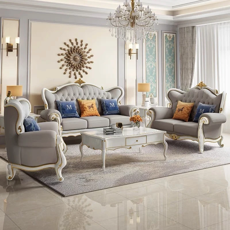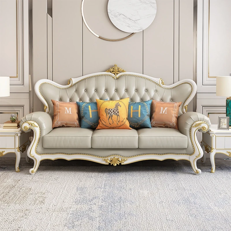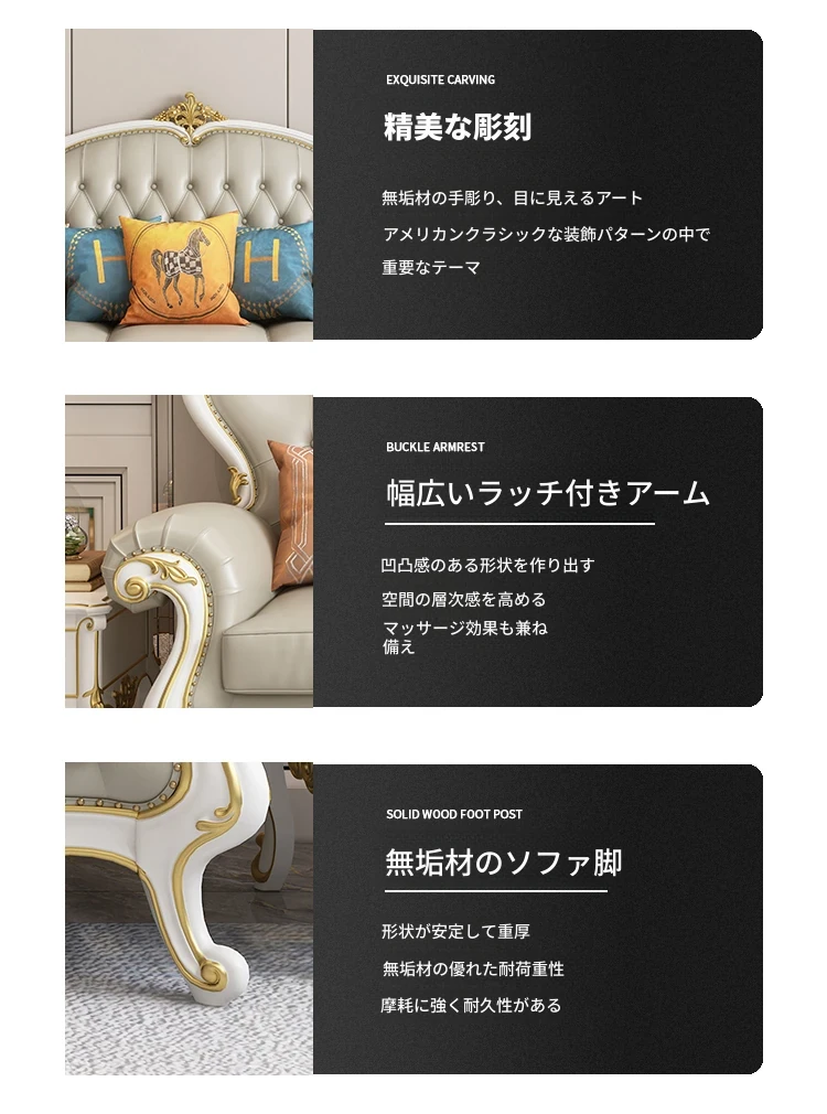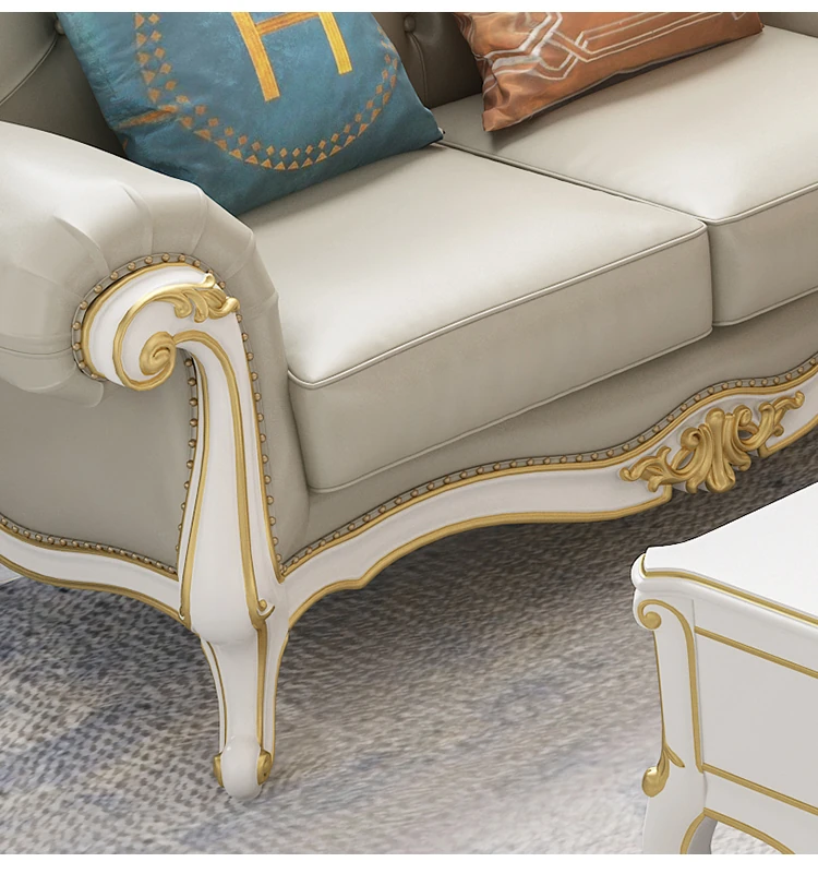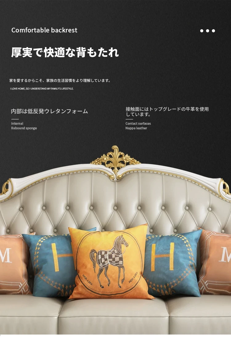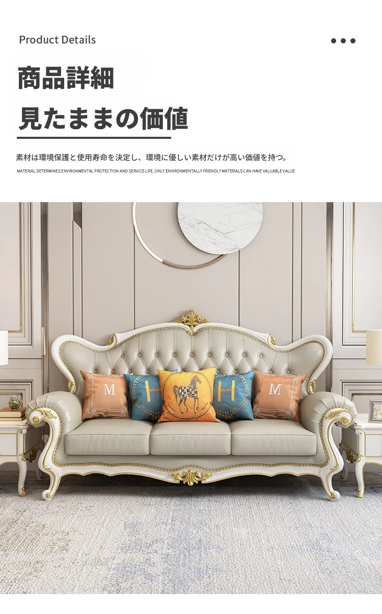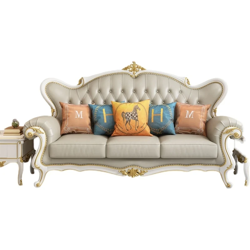 欧風本革ソファ 123人掛けコンビネーション 宮廷スタイルのリビングルーム向け 小型住宅に最適 アメリカンヴィラ風のラグジュアリー家具で、おしゃれな空間を演出!
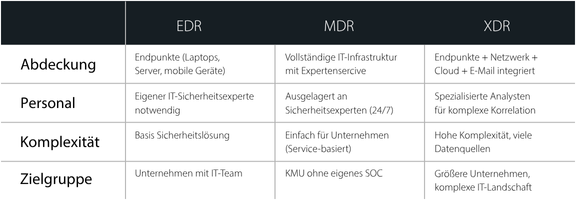 - MDR ergänzt EDR durch ein Experten-Team und eignet sich für KMU am besten.
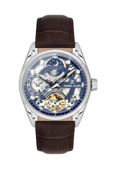 Daniel Klein DK.1.13856-3 3 ATM Suya Dayanıklı Otomatik Mekanizmalı Deri Kordonlu Kahverengi Erkek Kol Saati Çok Renkli
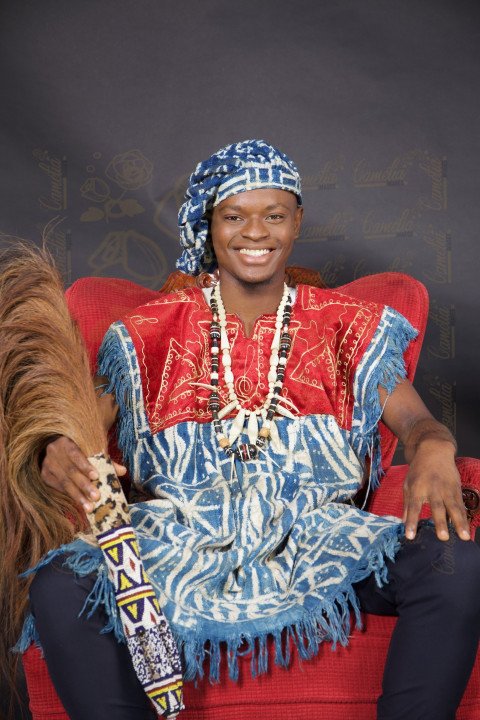 Jeune homme africain uniforme traditionnelle grand sourire ,
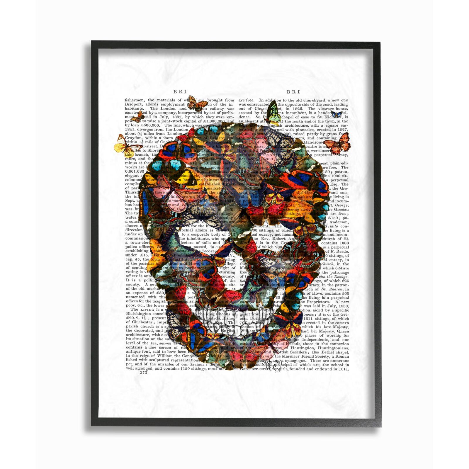 Stupell Industries Dark Rainbow Skull of Butterflies Black Framed Wall Art
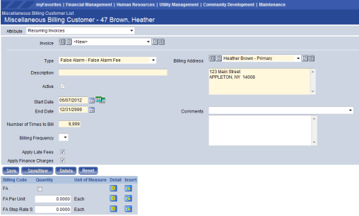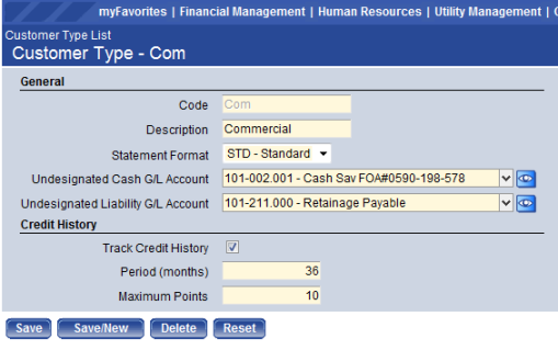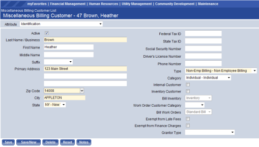 Maintenance > Financial Management > Miscellaneous Billing > Customer Types
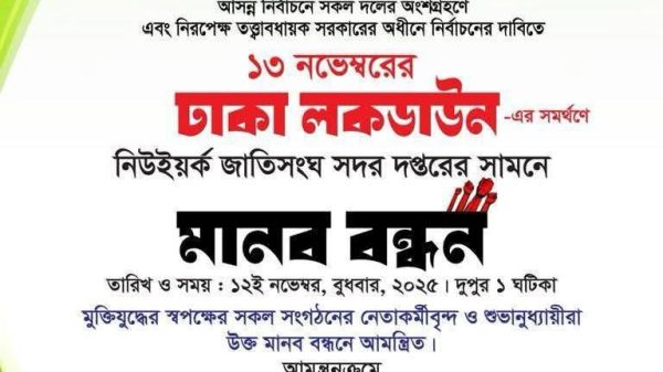 In support of the Dhaka lockdown of November 13, various organizations including the United States League protested in front of the United Nations on Wednesday, November 12 Hakikul Islam Khokon ...বিস্তারিত পড়ুন
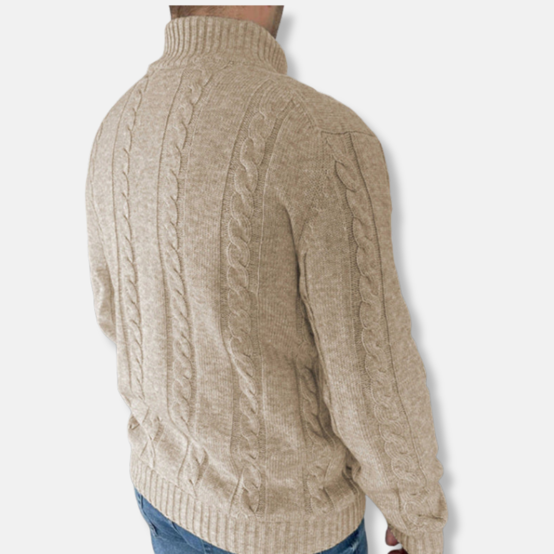 Design: En höftlång silhuett med en kabelstickad design-detalj.
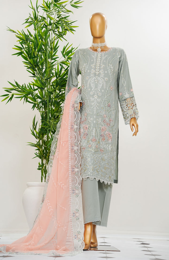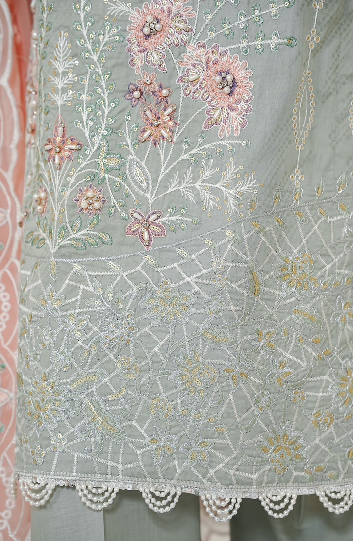 Durnaz by Amna Khadija Embroidered Jacquard Lawn Stitched 3 Piece Suit - D -06 - Light Grey
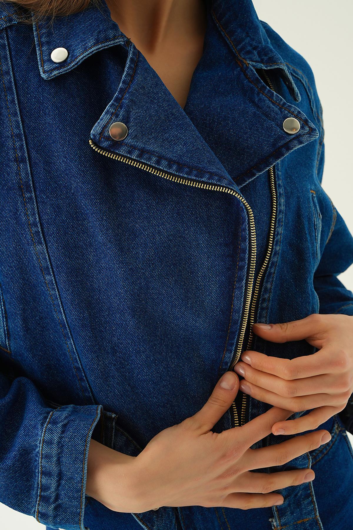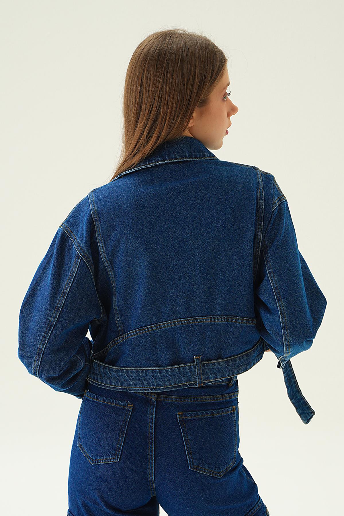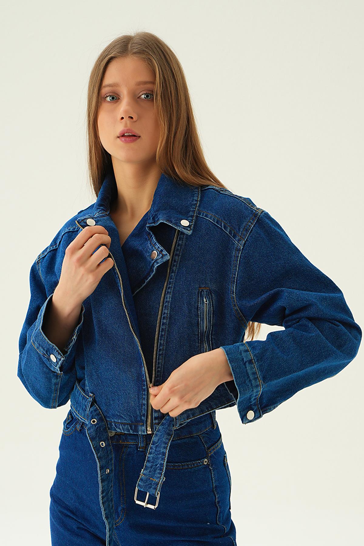 Koyu Mavi Fermuar Detay Kemerli Kot Ceket 9096
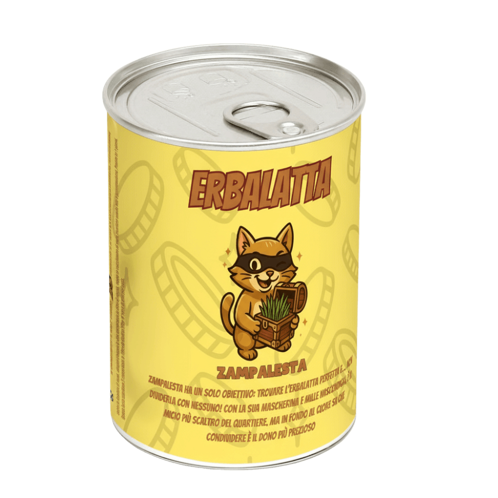 🎩 Zampalesta – Il Ladro GentiluomoCon Erbalatta Zampalesta, la coltivazione dell’erba gatta diventa un gioco da veri intenditori.All’interno: semi d’orzo di alta qualità, substrato di fibra di cocco e barattolo riutilizzabile in alluminio.Il tuo gatto potrà mordicchiare erba fresca e naturale, tu goderti la soddisfazione di vederla crescere in pochi giorni. Perfetta come idea regalo o collezione: ogni latta Erbalatta è un piccolo furto di sorrisi.ISTRUZIONI PER L’USO:1: APRI LA LATTA ED ESTRAI LA BUSTINA DI SEMI ALL’INTERNO2: LASCIA LA MEZZALUNA DI FIBRA DI COCCO ALL’INTERNO E RIEMPI D’ACQUA FINO ALL’ORLO3: DOPO 30 MINUTI SMISTA UN PUGNETTO DI SEMI SERVENDOTI DI UN CUCCHIAINO E PIANTA I SEMI4: DOPO 7 GIORNI CIRCA L’ERBA SARA’ CRESCIUTA! RICORDA CHE I SEMI PRESENTI NELLA BUSTINA SONO IDEALI X5 SEMINE
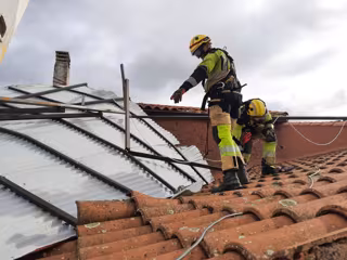 Bomberos del Sepei de la Diputación de Cáceres retiran una cubierta desplazada por la borras Kristin - DIPUTACIÓN DE CÁCERES
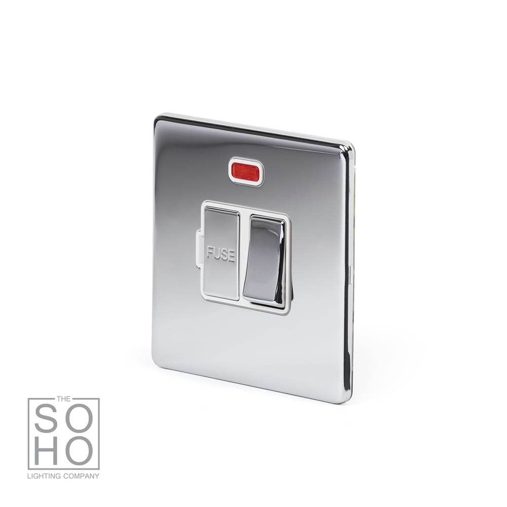 The Finsbury Collection Polished chrome Fused Connection Unit (FCU) Switched with Neon 13A DP Wht Ins Screwless
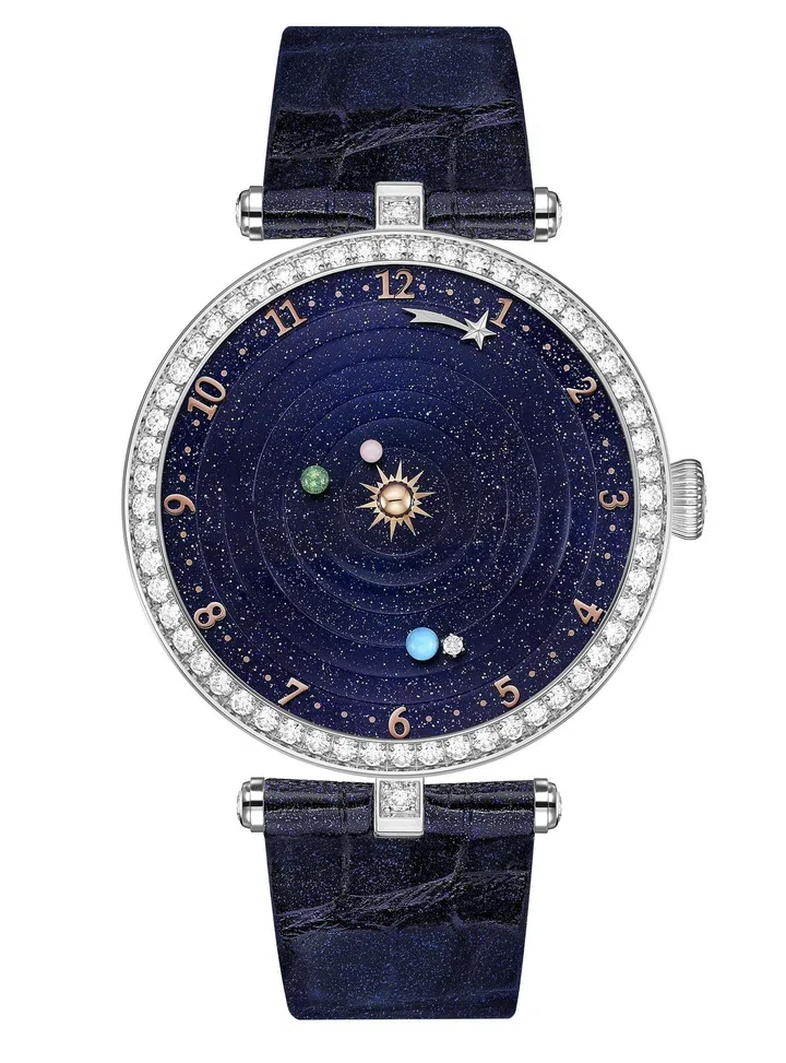 这枚腕表的自动上链机芯搭载着梵克雅宝与Christiaan van der Klaauw合作研发的专用模块,将太阳与邻近行星,包括水星、金星、地球及其天然卫星月球栩栩如生地呈现于眼前。每颗星体均按照其在自然界中实际围绕太阳公转速度而运行。水星围绕表盘运行一周需88天,金星需224天,地球则需365天。此外,这枚腕表最为引人注目的创新 之处非月球莫属,它环绕地球运转一周需时29.5天,日复一日地于星空表盘之上上演华 美耀目的星际芭蕾。
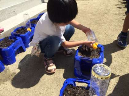 5月24日(金)に生活科の学習で、あさがおの種をまきました。
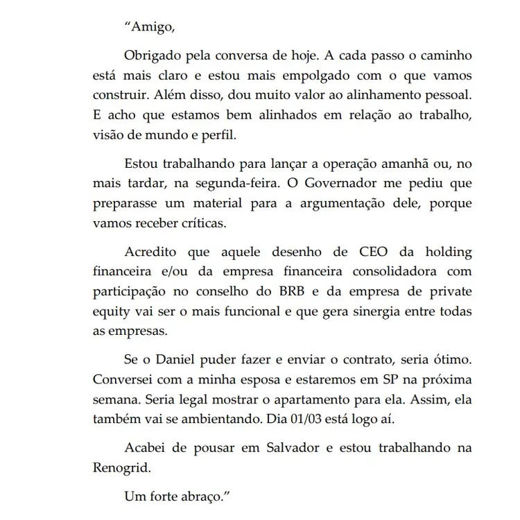 As mensagens de WhatsApp interceptadas pela Polícia Federal na Operação Compliance Zero revelam uma relação de extrema proximidade e uma "comunhão de desígnios" criminosos entre o ex-presidente do BRB, Paulo Henrique Costa, e o empresário Daniel Vorcaro. O conteúdo das conversas, que inclui des
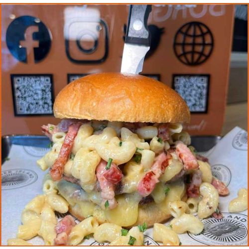 Mac & Cheese Burger(Beef Or Chicken) Monterey Jack Cheese, Homemade Mac & Cheese -
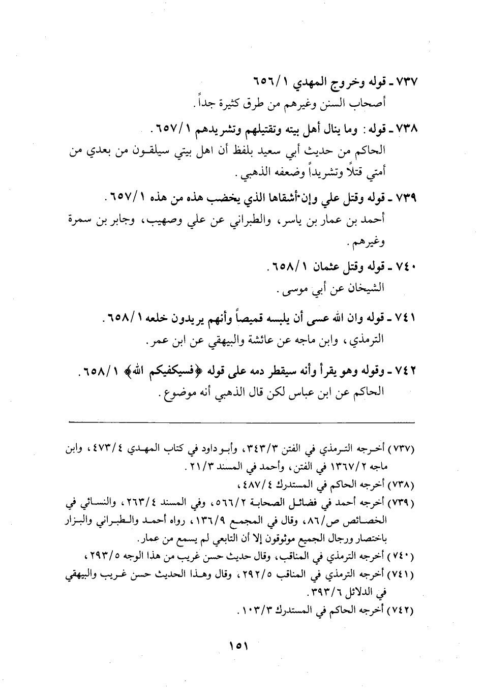 (737) أخرجه الترمذي في الفتن 3/ 343، وأبو داود في كتاب المهدي 4/ 473، وابن ماجه 2/ 1367 في الفتن، وأحمد في المسند 3/ 21.
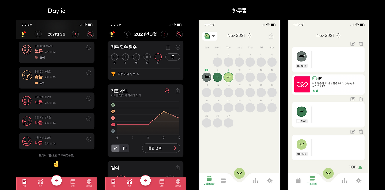 앱에 들어와서 바로 감정을 입력할 수 있는 나름의 장점을 가진 구성이었다. 하지만 앞서 말한 것처럼 장기 보상 측면에서는 아쉬운 점이 있었다.
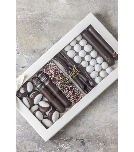 Old School Selection er en nostalgisk gaveæske fyldt med de chokoladefavoritter, vi alle kender fra julen – men løftet til Xocolatls håndlavede kvalitet. Æsken indeholder alt fra marcipanbrød med cognac og fyldte chokoladepoletter med mintkaramel til sprøde dronningemandler og snebolde med hasselnød. Perfekt som firmagave, værtindegave eller en særlig juleforkælelse til dem, der elsker den gode smag af tradition. Specifikationer: Indhold: 350 gram Xocolatl: Håndlavet Dansk Chokolade Xocolatl tilbyder håndlavet chokolade skabt i hjertet af Christiansfeld. Chokoladen produceres under Cocoa Horizons-programmet og fremstilles med 100 % naturlige farver. Xocolatl kombinerer respekt for tradition og håndværk med modet til at eksperimentere med smag, konsistens og farver. Engagementet i miljømæssigt og socialt ansvar afspejles i den omhyggelige udvælgelse af råvarer, hvilket sikrer chokolade af høj kvalitet, der er produceret under Cocoa Horizons. ...
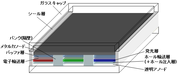 もちろん、コンベンショナルなRGB3色独立発光方式から、単色発光+カラーフィルター方式までカラー化方法も自在で、効率が低い色は他の色よりも発光ユニット数を増やしてRGB3色のバランスをとることもできる。また、発光材料も一般的な蛍光材料だけでなく、燐光材料を用いることも可能だ。 |
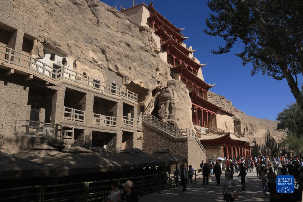 6月8日,游客在世界文化遺產地莫高窟參觀游覽。
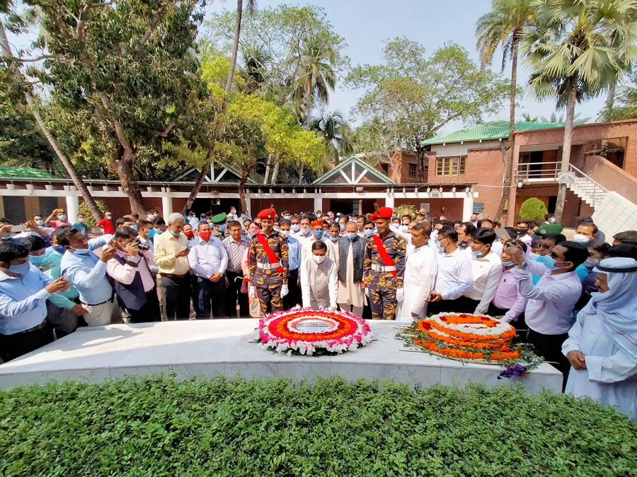 Md. Nazrul Islam, Secretary of Road Transport & Highways Division (RTHD) and Abdus Sabur, Chief Engineer of Roads & Highways Department (RHD) placing floral wreath at the tomb of Father of the Nation Bangabandhu Shiekh Mujibur Rahman at Tungipara in Gopalganj on Saturday — FE Photo
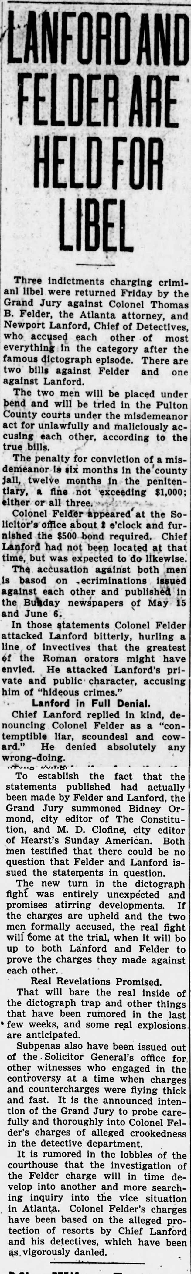 Three indictments charging criminal libel were returned Friday by the Grand Jury against Colonel Thomas B. Felder, the Atlanta attorney, and Newport Lanford, Chief of Detectives, who accused each other of most everything in the category after the famous dictograph episode. There are two bills against Felder and one against Lanford.

(Problem): Only the lines from the one holding "もちろん、コンベンショナルな" through the last line of the records should be output, please, exactly and without any pictures.

(Solution to the exercise):
 もちろん、コンベンショナルなRGB3色独立発光方式から、単色発光+カラーフィルター方式までカラー化方法も自在で、効率が低い色は他の色よりも発光ユニット数を増やしてRGB3色のバランスをとることもできる。また、発光材料も一般的な蛍光材料だけでなく、燐光材料を用いることも可能だ。 |
 6月8日,游客在世界文化遺產地莫高窟參觀游覽。
 Md. Nazrul Islam, Secretary of Road Transport & Highways Division (RTHD) and Abdus Sabur, Chief Engineer of Roads & Highways Department (RHD) placing floral wreath at the tomb of Father of the Nation Bangabandhu Shiekh Mujibur Rahman at Tungipara in Gopalganj on Saturday — FE Photo
 Three indictments charging criminal libel were returned Friday by the Grand Jury against Colonel Thomas B. Felder, the Atlanta attorney, and Newport Lanford, Chief of Detectives, who accused each other of most everything in the category after the famous dictograph episode. There are two bills against Felder and one against Lanford.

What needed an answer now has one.